February 7, 2014
[…In] the Western Pacific is the remote island of Palau, part of the Rock Islands and nicknamed “Rainbow’s End” because it’s so far away. It is not easy to get to, as you have to fly from Asia, but Palau is very much worth the hassle. Like Bonaire, its average temperature year round is 82 degrees, and it’s been named one of the underwater wonders of the world, as well as one of the world’s last Edens, by National Geographic.
In Palau, divers and snorkelers will find drop-offs, shallow reefs and channels beneath the sea. Reef walls in Palau team with marine life, schools of fish, old growth coral gardens and hidden marine lakes. Don’t miss snorkeling in Jellyfish Lake, an enclosed body of water filled with jellyfish that have lost their sting.

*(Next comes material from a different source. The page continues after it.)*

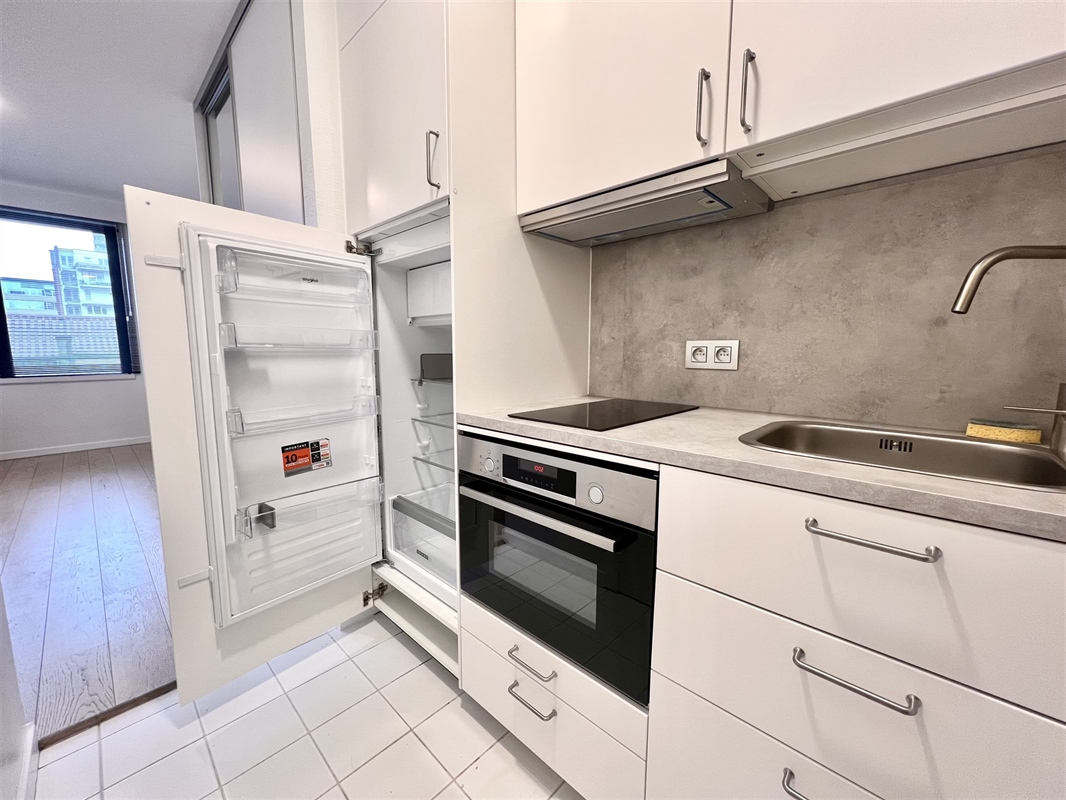OPEN DEUR DINSDAG 17 MAART! Deze cosy en gemeubelde studio is vrij te bezoeken op dinsdag 17 maart tussen 18u30 en 19u30. U bent van harte welkom! Gelegen op wandelafstand van het station en het historisch centrum van Leuven, stellen wij deze energiezuinige en gemeubelde studio te huur. Deze lichtrijke studio op de derde verdieping van een welonderhouden residentie, genaamd “De Nervier”, met als bouwjaar 1993, werd recent volledig gerenoveerd volgens de regels van de kunst, heeft een netto-bewoonbare oppervlakte van 24m² en beschikt over een ingerichte kitchenette met inductiekookplaat, dampkap, spoelbak, inbouw combioven en inbouw koelkast met vriesvak, een leeft- en slaapruimte met mooie parket vloer en een inbouwkast, inclusief was- en droogmachine, en een aparte badkamer met lavabo, douche en toilet. Tevens is er nog een ondergrondse gemeenschappelijke fietsenstalling alsook een vuilnislokaal aanwezig. Kortom, deze cosy en gemeubelde studio is zeker uw bezoek waard en is beschikbaar vanaf 1 april 2026. De maandelijkse lasten bedragen 100 euro (inclusief water).

If navigating this far-off land sounds a bit overwhelming, consider traveling with a tour operator like Wilderness Travel, which offers a snorkeling and kayaking trip to Palau. On the 11-day trip, stay at luxury resorts on white sand beaches as well as several nights at a full-service campsite with fresh cooked meals and opportunities for stargazing. The tour includes plenty of snorkeling at key sites like Jellyfish Lake and the Big Drop-Off (a sheer wall plunging 1000 feet deep), a visit to a secluded lake surrounded by 300-foot rock walls and kayaking through a mangrove forest.